MF: Kentucky?! No, no … but I’ll tell you what: I’m going to go to the Muhammad Ali (Center) when I’m in Louisville, because I think Muhammad Ali is one of the dopest lyricists ever.
Saturday, Oct. 20
Sean Watkins seems to have the world at his feet. He’s in Nickel Creek — likely the best acoustic ensemble of the last decade — and the guitarist also finds time to make solo records that let him experiment with new musical directions and have earned fine notices. But a few months ago, Nickel Creek announced that their current tour would be followed by a hiatus of unknown length. As in, Adios until we feel like reassembling.
So when the progressive bluegrass-and-then-some trio plays the Brown Theatre (315 W. Broadway, 584-7777) on Saturday, there’s reason to celebrate and wish ’em well — but also cause for a sad tear or two (even though they’ve got a comedian opening). They’re calling this the “Farewell (For Now) Tour,” and Sean Watkins told LEO, “It’s a good point to jump off. We’d played together 19 years, and renewal of our contract would’ve meant eight or 10 more.”
The cause for the hiatus isn’t tense emotional conflict. In fact, the guitarist counters that “it’s very calculated,” and he cites a slightly relaxed schedule over the last year as pointing the way. “I’ve been able to stretch my creative legs a lot from being more at home.”
Then he begins a list of collaborations (a full album with John Forman already in the can, an eight-member ensemble with Benmont Tench, Pete Thomas and Davey Faragher itching to hit the studio) and it becomes clear that we’ll just have to let Sean, fiddler-sister Sara and mandolinist Chris Thile have their way. Nickel Creek leaves in its wake a new best-of with live tracks and DVD extras (Reasons Why) and a lot of fans who think that if it is indeed over after nearly two decades, the end still came too soon. Tickets are $25.
Thursday, Oct. 18
Ponieheart is the name of an act that now has one member — Paul Fugazotto II — who came out of the group that eventually became Brightblack Morning Light.

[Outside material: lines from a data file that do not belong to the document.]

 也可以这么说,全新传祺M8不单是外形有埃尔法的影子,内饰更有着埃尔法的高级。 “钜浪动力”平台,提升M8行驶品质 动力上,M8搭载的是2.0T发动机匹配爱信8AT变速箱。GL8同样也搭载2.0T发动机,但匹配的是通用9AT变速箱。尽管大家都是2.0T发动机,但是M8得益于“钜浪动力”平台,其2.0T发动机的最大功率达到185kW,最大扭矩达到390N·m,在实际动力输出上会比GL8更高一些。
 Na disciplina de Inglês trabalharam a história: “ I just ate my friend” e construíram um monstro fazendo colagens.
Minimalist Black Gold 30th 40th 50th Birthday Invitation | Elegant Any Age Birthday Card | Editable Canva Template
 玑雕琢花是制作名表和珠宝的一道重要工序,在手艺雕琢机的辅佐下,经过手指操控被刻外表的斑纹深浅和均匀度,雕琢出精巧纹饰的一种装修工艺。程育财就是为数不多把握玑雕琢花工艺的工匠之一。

His music mixes a classic bittersweet/delicate acoustic singer-songwriter sound with deftly sketched, dynamic electronics. He’s sometimes had a couple of players expanding the accompaniment, but at Lisa’s Oak Street Lounge (1004 E. Oak St., 637-9315) on Thursday night, he says, “it’s me, and iPod, a 202 sampler and the guitar. I don’t want it to be too karaoke, so I don’t put on record anything I can’t reasonably sound like onstage.”
On the Ponieheart MySpace profile, the list of influences consists of one unexpected entry: Carole King. Fugazotto is ready to open up to more when asked, though: “Rebecca Gates of Spinanes shaped my music a lot. Helmet shaped the way I played guitar. And Rush! I was into Rush early — before puberty. So as my voice changed, I learned to keep it high like Geddy Lee.”

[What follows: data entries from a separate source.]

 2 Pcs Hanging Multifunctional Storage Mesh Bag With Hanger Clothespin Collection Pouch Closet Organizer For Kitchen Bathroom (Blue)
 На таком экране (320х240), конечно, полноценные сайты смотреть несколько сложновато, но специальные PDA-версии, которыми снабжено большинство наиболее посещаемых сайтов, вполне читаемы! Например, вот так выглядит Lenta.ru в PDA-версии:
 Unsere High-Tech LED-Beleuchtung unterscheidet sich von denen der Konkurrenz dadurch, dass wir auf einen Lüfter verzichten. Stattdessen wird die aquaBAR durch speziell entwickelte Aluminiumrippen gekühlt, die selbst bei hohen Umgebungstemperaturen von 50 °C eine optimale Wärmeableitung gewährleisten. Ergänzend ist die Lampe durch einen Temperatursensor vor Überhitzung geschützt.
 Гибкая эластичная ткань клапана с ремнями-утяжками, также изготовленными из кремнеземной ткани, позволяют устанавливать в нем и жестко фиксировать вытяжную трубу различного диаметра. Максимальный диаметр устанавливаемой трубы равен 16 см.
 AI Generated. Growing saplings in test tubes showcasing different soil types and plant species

In these days of Iron & Wine, it isn’t so surprising what one central acoustic player and a lot of imagination can bring about. So are the songs written over beats, as in so much of hip hop?
Not this time: “In the end, rhythm is where I’ll add or subtract. The songs, I work them out in my head, memorize and play them on guitar for months.”
The results for Ponieheart aren’t too far from the twilight-and-outskirts alt-folk of a quieter Will Oldham. The show at Lisa’s starts at 10:30 p.m. on Thursday night, with $5 tickets.